I ran the notebook as provided, to get a feel for how to use Hugging Face with SageMaker, and the notebook successfully runs and the model trains. However, upon testing the resulting model I found that the output was the same, regardless of the input sentence. For example:

>>>sentiment_input= {"inputs":"This is the best movie I have ever watched. It is amazing!"}
>>>print(predictor.predict(sentiment_input))
[{'label': 'LABEL_0', 'score': 0.9999932050704956}]

>>>sentiment_input= {"inputs":"This is the worst movie I have ever watched. It is terrible!"}
>>>print(predictor.predict(sentiment_input))
[{'label': 'LABEL_0', 'score': 0.9999932050704956}]

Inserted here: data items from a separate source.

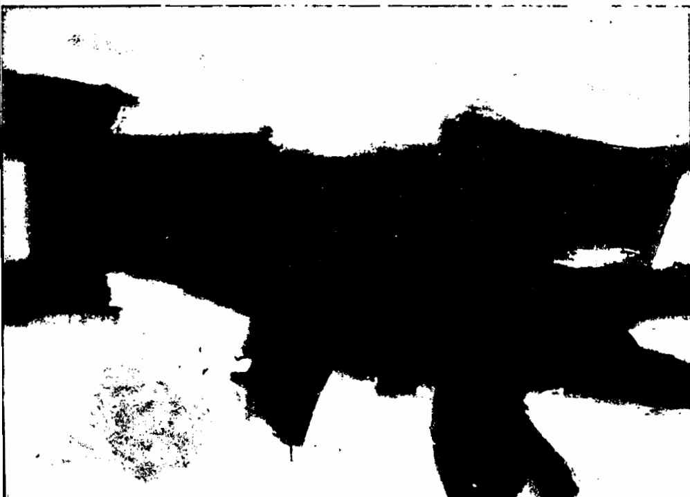
ESCOLLOS, 1961 (propiedad del autor)
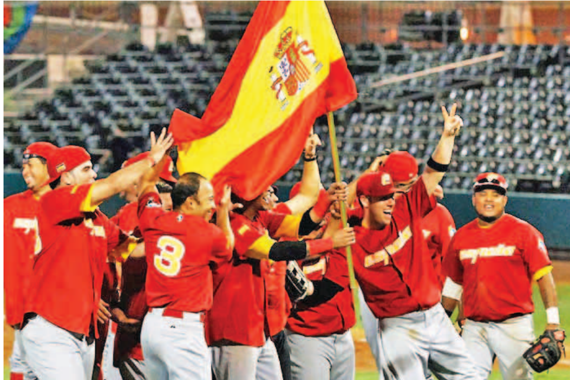
España aspira a calificar para el Clásico Mundial

España participará en el Campeonato de Europa que se celebrará en Alemania, del 7 al 15 de septiembre, y, en caso de finalizar entre los cinco primeros, asistirá al Preolímpico Europa/África, que se disputará del 18 al 23 de septiembre,
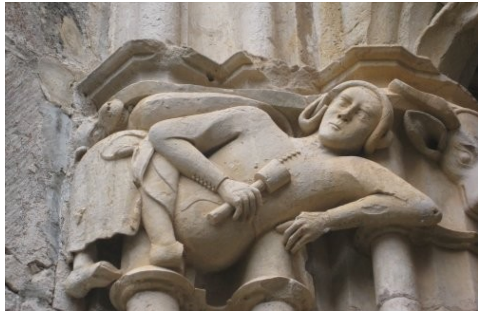
Representació del mestre d'obres del claustre del Monestir de Santes C reus , l'anglès Reinard des Fonoll

El caràcter itinerant dels maçons els va afavorir l'alliberament progressiu del control feudal i eclesiàstic, donant lloc als anomenats “ oficis francs ”.

I’ve looked through the code, but I can’t seem to find what might cause this behaviour. Unless the dataset isn’t being loaded properly (eg. if the classifier is only training with one label), or something is going wrong with the tokenization. However, I haven’t made any changes to the notebook and training script provided, so this seems unlikely.

Any help would be much appreciated! Thanks in advance.

I believe I’ve found the problem. The dataset is never shuffled in the train.py script provided with the demo. As a result the model was learning to assign LABEL_0 to any input. After adding a shuffle to the test set (not strictly necessary) and train set here (after line 45):

    # Load dataset
    train_dataset, test_dataset = load_dataset("imdb", split=["train", "test"])
    train_dataset = train_dataset.shuffle()
    test_dataset = test_dataset.shuffle()

    # Preprocess train dataset

the model trains successfully and returns the following labels as expected:

>>>sentiment_input= {"inputs":"This is the best movie I have ever watched. It is amazing!"}
>>>print(predictor.predict(sentiment_input))
[{'label': 'LABEL_1', 'score': 0.995592474937439}]

>>>sentiment_input= {"inputs":"This is the worst movie I have ever watched. It is terrible!"}
>>>print(predictor.predict(sentiment_input))
[{'label': 'LABEL_0', 'score': 0.9919235110282898}]
1 Like

Hey @NickWilk37,

thanks for finding the error! I already fixed it in the repository.

1 Like

No problem, thanks so much! I opened an issue on the GitHub repo in case you missed this post, so feel free to close that issue :slight_smile: